Washington Florist’s Religious Liberty Case Not Over Yet, Lawyers Contend

Two similar cases in Colorado are also being appealed to the high court

Washington Florist’s Religious Liberty Case Not Over Yet, Lawyers Contend

Two similar cases in Colorado are also being appealed to the high court

Despite the U.S. Supreme Court’s refusal to hear an appeal last month from Washington florist Barronelle Stutzman, who could lose her business and personal assets for refusing to create flower arrangements for a same-sex wedding, the devout Christian’s legal recourse still might not be over.

Alliance Defending Freedom (ADF), the law firm representing Stutzman, is hopeful that the high court will reconsider the floral artist’s case when they consider another appeal ADF has filed on behalf of a Christian website designer who, under Colorado law, is being forced to publish content that celebrates same-sex weddings in violation of her religious convictions.

The U.S. 10th Circuit Court of Appeals ruled 2-1 July 26 that the state of Colorado can compel Lorie Smith to create websites for same-sex weddings despite it conflicting with the tenets of her faith.

In 2016, Smith, owner of 303 Creative, filed a pre-enforcement legal challenge to the Colorado Anti-Discrimination Act, which allowed her to challenge the law before the government enforced it against her. Smith argued that the law compels her to provide services that go against her Biblical beliefs and is therefore unconstitutional. The law also prohibits her from stating her beliefs about marriage on her business website.

In September 2017, a district court ruled that Smith couldn’t challenge the accommodation clause of the law, meaning, if she were to offer services for traditional weddings, she must offer those same services for same-sex weddings. But the court held off on ruling about the law’s communication clause—or what Smith could share on her website about her religious beliefs—until after Jack Phillips’ case was decided by the Supreme Court. 

A subsequent ruling upheld the court’s decision, saying that it “assumes the constitutionality” of the Colorado law.

In the July 26 ruling, Circuit Judge Mary Beck Briscoe, who wrote for the majority, said that “Colorado may prohibit speech that promotes unlawful activity, including unlawful discrimination,” and that the law “permissibly compels [Smith’s] speech.”

ADF attorneys say that since Smith and Stutzman are both being forced by their states’ non-discrimination laws to create custom art that communicates messages that violate their consciences, they have asked the Supreme Court to reconsider its denial of Stutzman’s case and grant the petition or hold it until Smith’s case is decided.

Stutzman, owner of Arlene’s Flowers in Richland, Washington, has been mired in a battle for her livelihood for eight years as her home state has brought the full force of Washington’s antidiscrimination law against her.

The wife, mother, grandmother and floral artist has been fighting legal battles against the American Civil Liberties Union (ALCU) and the State of Washington for her freedom to create custom floral art without violating her conscience.

In 2017, the Washington Supreme Court ruled against Stutzman.
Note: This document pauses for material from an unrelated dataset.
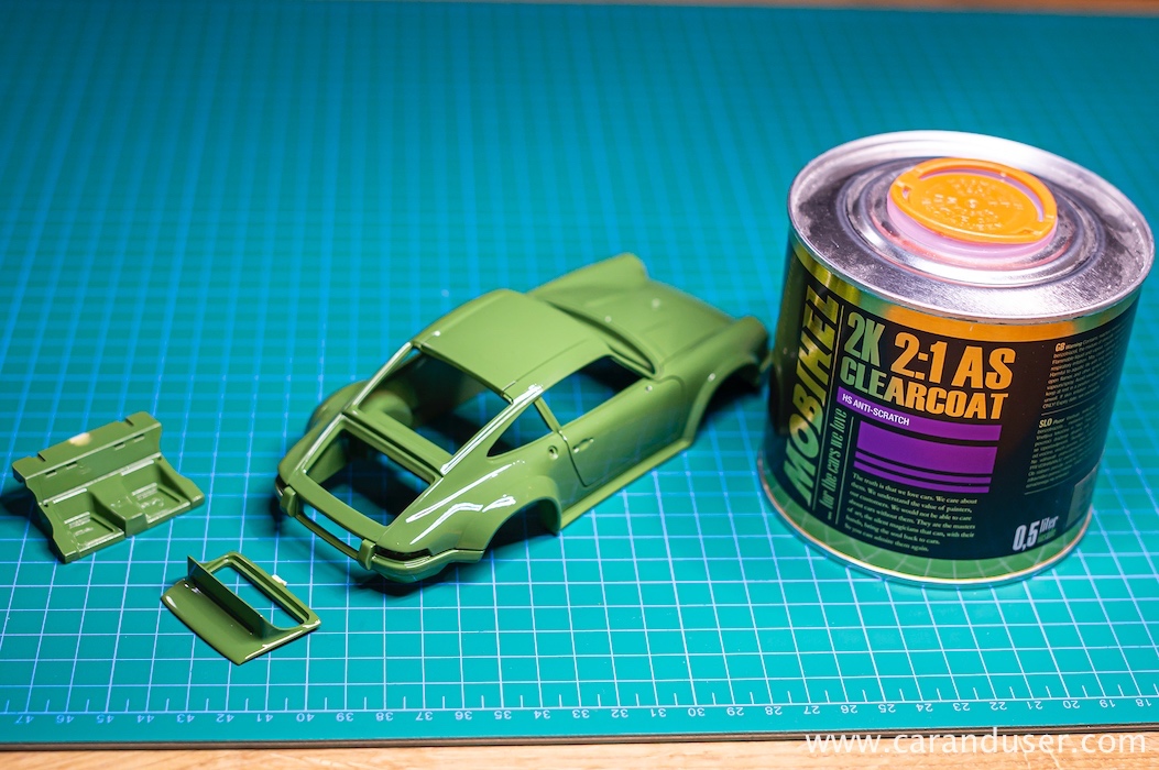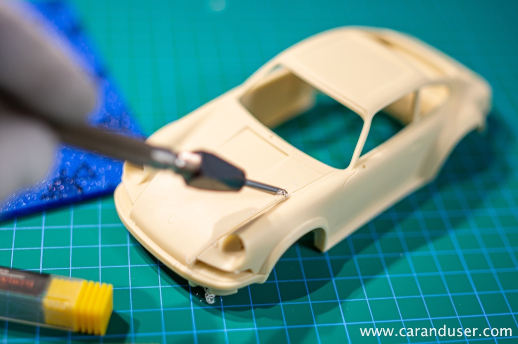 Ko zagotovimo, da so vsi odlitki očiščeni silikatov, sledi priprava na barvanje. Zaradi načina brizganja plastike, oziroma v tem primeru ulivanja resinske smole, so pri maketah, kjer je celotna karoserija iz enega dela, reže med različnimi karoserijskimi deli premalo globoke. Sledi postopek poglabljanja spojev s čemer zagotovimo, da bodo reže vidne tudi po vseh slojih barve in laka, ki jih imamo namen nanesti na karoserijo.

Later that year, Stutzman appealed to the U.S. Supreme Court. It then sent her case back to the Washington Supreme Court in June 2018 after the decision in the Masterpiece Cakeshop case.

The high court’s 7-2 opinion from that case found that the Colorado Civil Rights Commission unconstitutionally demonstrated “religious hostility” in its action toward Phillips, the justices said, for his refusal to design and decorate a cake for the wedding of two men. 

Phillips is currently appealing another court ruling that he violated the Colorado anti-discrimination law by refusing to bake a cake celebrating a gender transition.

In a notice filed Monday (Aug. 2), Phillips’ ADF lawyers asked the Colorado Court of Appeals to review a June ruling by Denver Judge A. Bruce Jones that said Phillips’ refusal to bake a cake that was blue on the outside and pink on the inside for Autumn Scardina violated Scardina’s rights. Scardina is a biological man who ostensibly ordered the cake in order to celebrate his gender transition. Scardina is also an attorney and a gay-rights activist, Phillips’ attorneys say.

“No one should be forced to express a message that violates their beliefs and conscience,” said Jake Warner, legal counsel for Alliance Defending Freedom (ADF), in a press release. “Activists and government officials are targeting artists like Jack because they can’t promote messages on marriage and gender that violate their core beliefs. In this case, an activist attorney demanded that Jack Phillips create custom cakes in order to test Jack and to ‘correct the errors’ of his thinking, and the attorney even threatened to sue Jack again if the case is dismissed for any reason. This case and others like it represent a disturbing trend: Activists are weaponizing the legal system to ruin those who simply disagree with them. Someone you disagree with might be the one targeted today, but when political winds shift, it could just as easily be you or anyone else tomorrow.”